Plaintiff transferred his suit land by three sale deeds to defendant 3 by registered sale deed and on the same date of execution another deed of re conveyance. Defendant 3 promised to re convey the suit land to the plaintiff or his heirs on receipt of Tk 6000 any time within 30 Chaitra of any year thereafter the plaintiff offered TK 6000 first to defendant 3 and then to defendant 1and 2 and requested them for return of the suit land but they denied to so, so the plaintiff was constrained to institute the suit The defendant argued that the deed of Ekranama was not executed and was not registered by def 3. They had no knowledge of Ekranama. 

Issue: 

Whether the deed of Ekranama true or false.

Whether he is entitled to remedy under the TP Act, 1882.

Rule of Law:

Section 59 and 60 of the Registration Act, 1908.

Section 67,68, 115 of evidence Act, 1872.

Section 95 and 95 (A) of SAT Act, 1950.

Section -41 of the TP Act, 1882. 

Case Referred:  

1) Bhagwan vs Ujagar AIR P.C 1928

2) Nainsukhdas vs Gowardhandas AIR Nagpur 110



Application of the case:

 It was argued by the defendant no 2 and 3 that they had no knowledge of the existence of the said deed of Ekranama. They had purchased the suit land from def 3 on different times with the knowledge and consent of the plaintiff .The plaintiff attested the sale deed. They Claimed that the transaction between the Plaintiff and def 3 is out and out sale .They claimed themselves to be bona fide purchasers for value without notice of the Ekranama 

It was decreed by the trial court and directed the defendants to deliver the possession of the suit land in favor of the plaintiff within 30 days. The defendant appealed against the decree and appeal court set aside the judgment and decree of the trial court and dismissed the suit. Being aggrieved by the decree of appellate authority the present petitioners moved this court for revision under section 115 of CPC. 

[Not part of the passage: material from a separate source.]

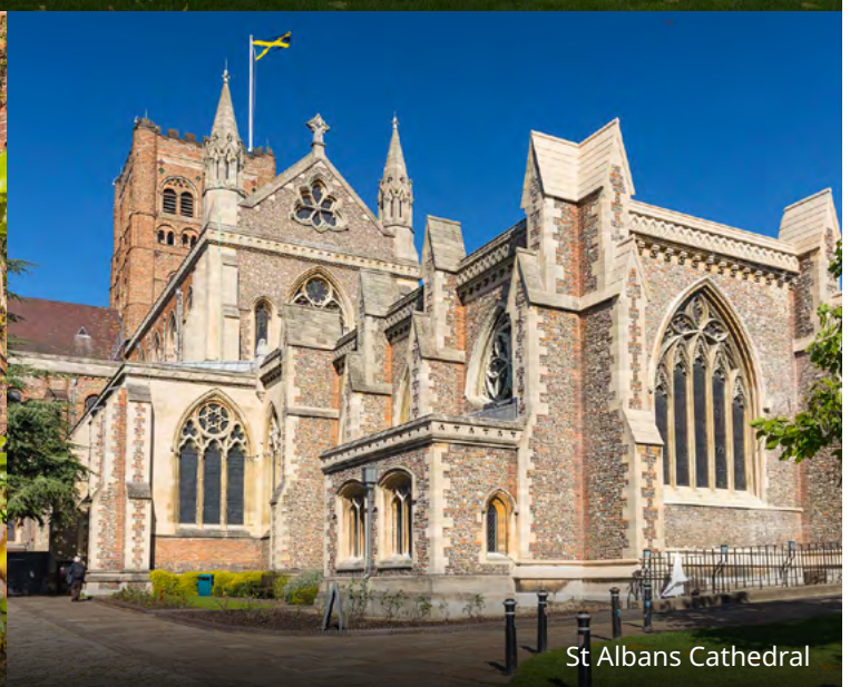
St Albans Cathedral

Court applying the rules and principles of the two landmark cases Bhagwan and Nainsukhdas  directed that as the defendants could not place before the court the proper evidence of not being the Ekranama is false one. The court examined and cross examined the witness and evidence of the Ekranama.

Judgment:

 The court held that the Ekranama in fact constitute an usufructuary mortgage not exceeding seven years and that the defendant 1 and 2 were aware of the Ekranama. So the plaintiff is entitled to get restoration of possession of the suit land from the defendant no 2 and 3.

Conclusion:

When one becomes aware about the ekranama , he is to fail to get remedy under the court of law.